MATERIALS AND METHODS
Cell culture and evaluation of nitrite production by Ishikawa cells.
Ishikawa cells are a human endometrial cell line derived from a well-differentiated endometrial adenocarcinoma that has been shown to mimic endometrial epithelial cells (29). Ishikawa cells were routinely cultured in Eagle's minimum essential medium (MEM) containing 2 mM l-glutamine, 100 μg of penicillin-streptomycin/ml, and 10 mM HEPES supplemented with 10% fetal calf serum at 37°C in a humidified 5% CO2 atmosphere. The cells were passaged every 10 days and replated in a 75-cm2 flask at 106/flask. In the subsequent experiments, we investigated the influence of NO-regulating reagents in the MEM and immunohistochemically assessed the presence of NOS II and NOS III enzymes in Ishikawa cells.
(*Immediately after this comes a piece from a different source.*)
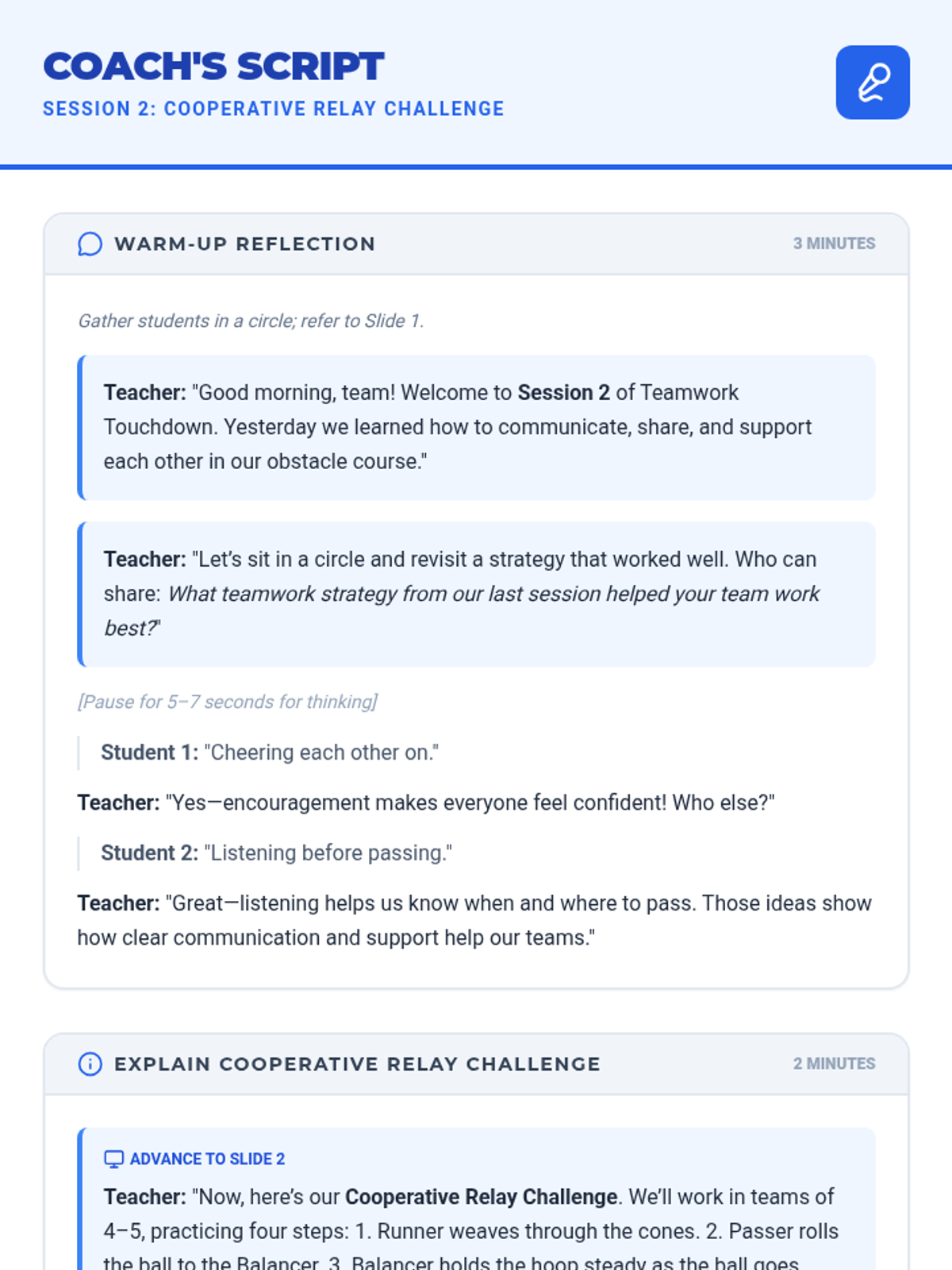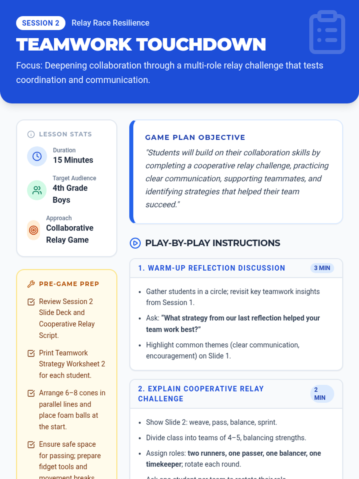 A two-session program for 4th-grade boys to develop collaboration and communication skills through high-energy, sports-based challenges and reflections.

For NO synthesis analysis, Ishikawa cells were incubated for 24 h in l-arginine-free medium (Life Technologies, Gaithersburg, Md.) or in medium containing d-arginine (Sigma Co., St Louis, Mo.), l-arginine (Life Technologies), or l-arginine combined with a nonselective NOS inhibitor, NG-nitro-l-argine methyl ester (L-NAME; Sigma Co.), at concentrations of 10−7, 10−5, and 10−3 M, respectively. The medium was collected and stored at −70°C for measuring nitrite production (assayed as a stable end stage product of NO).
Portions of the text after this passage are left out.